Saturday, July 30, 2016

Women, A History: Lydia Litvyak - Hero of The Soviet Union


Lydia Litvyak 
 Hero of The Soviet Union 
(August 18, 1921 - August 1, 1943)

     There is no denial that women definitely played their part in WWII. Working in factories, signing up as nurses, and of course the WACs (Women's Air Corps) and the WAVEs (Women Accepted for Volunteer Emergency Service - a Women's Navel Reserve). In England they had their own branching for Women's Service to the country that was cleverly designed to look like real army work, however, women in the U.S. and Great Britain never actually saw combat. It was a very different story in Russia, though.

      Due to Communist thought, men and women were considered on equal levels with each other in many areas, especially when it came to service to one's country. No one defined service better than fighter ace, Lydia Vladimirovna Litvyak or Lilya Litviak. During her time in the war, she flew 66 combat missions, had twelve solo victories and four shared wins. Lydia was quick and precise with her flying and showed talent at a young age when she joined a flying club at fourteen. She then joined the Kherson military school and after graduation, she became on instructor at the Kalinin Air Club and instructed forty-five pilots.

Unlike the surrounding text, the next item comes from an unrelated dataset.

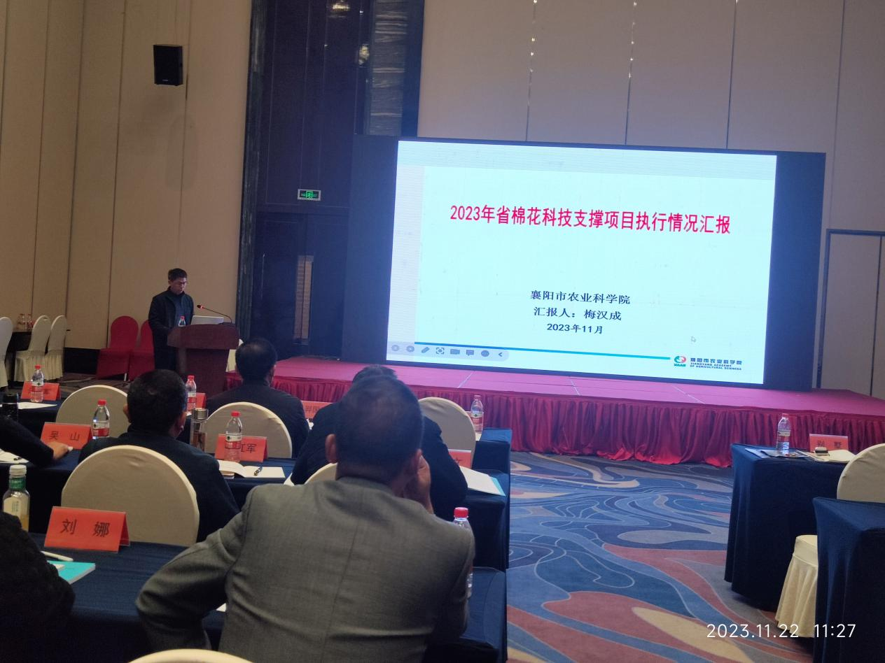 本网(经作所 付永红)讯 11月21-23日,副院长梅汉成、正高级农艺师带领院经作所人员赴孝感市,参加了由湖北省农业技术推广总站主办的全省玉米棉花试验总结交流暨技术培训会中的棉花试验总结交流环节。会议由省推广总站汤颢军正高级农艺师主持,主要内容为全省棉花试验暨培训总结。来自省农业农村厅、省推广总站、中油所、华中农业大学、省农科院和各地市州县的农科院、农业农村局、推广技术中心的110余人参加了本次会议。
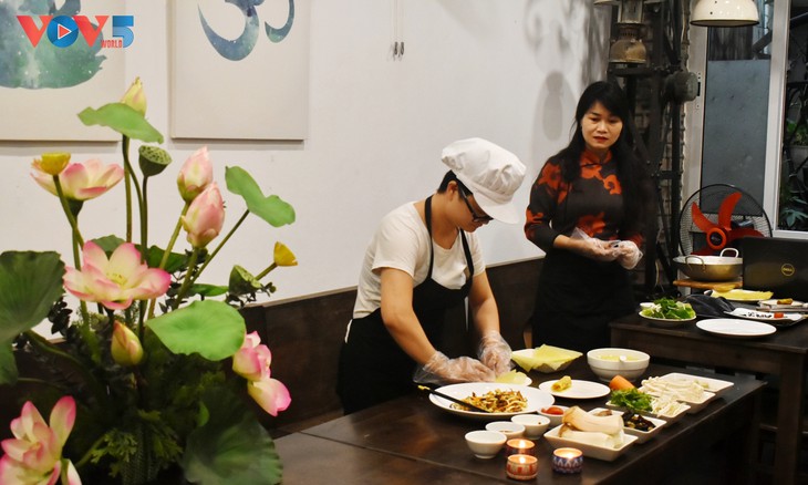 우리마을 채식식당의 대표 메뉴는 스프링롤, 과일샐러드, 무침, 순대, 텁튀엔롤, 전통롤 등이다. 응우옌 히엔 씨는 입맛이 까다로운 사람들도 만족시킬 수 있는 맛있는 채식 요리를 만들기 위해서는 무엇보다도 요리사의 차분한 마음을 유지해야 한다고 말했다.

      When the war broke out in 1939, Lydia (who was 18) was turned down from the Air Force due to her lack of experience, but she soon accepted by the all-female 586th Fighter Regiment of Air Defense Force and was trained in the Yakolev Yak-1 aircraft. Afterwards Lydia and several other female pilots were moved to a men's regiment where all the women, but Lydia especially, earned the respect of their male counterparts with their intense and aggressive fighting. Eventually Lydia and her friends were moved to the 9th Guards Fighter Regiment are were under the commandment of Lev Shestakov, Hero of the Soviet Union (that's our equivalent of the Medal of Honor).


     Despite being a male heavy environment, Lydia was known to be very feminine and oftentimes bleached her hair till it was white blonde. She loved flowers, especially lilies and roses and would keep them in the cockpit of her plane. Lydia also loved brightly colored clothes and made her own scarves out of left over parachute material. Not much is known about her personal life, except that she may have been engaged to a fellow pilot, Solomatin, but that was never confirmed or denied. However, when he was killed on a mission, Lydia took his death very hard and wrote to her mother, "I may meet anyone like him again."

     As a pilot, Lydia was aggressive and had a rebellious nature. She was not above taking risks and oftentimes was called out by her superiors. Yet, her daredevil nature is the only way she enjoyed flying. By 1943 Lydia was a senior lieutenant and had earn the Order of the Red Banner, the Order of the Red Star, and two Orders of the Patriotic War and was only twenty-one. In August of 1943, Lydia was flying at Orel during the Battle of Kursk when she was tracked and gunned down by two German fighter pilots. She was never seen again. It took years for people to find and recognize her remains, but it was eventually confirmed that she was killed in battle.

      The Soviet press releases named Lydia the "Lily of Stalingrad" and in 1990, Mikhail Gorbachev awarded Lydia the Hero of the Soviet Union. Over the last several years, Litvyak has gotten a good deal of recognition and several books have been written about her life. In 1985, there was a play called the White Rose which is about Lydia's life as a pilot.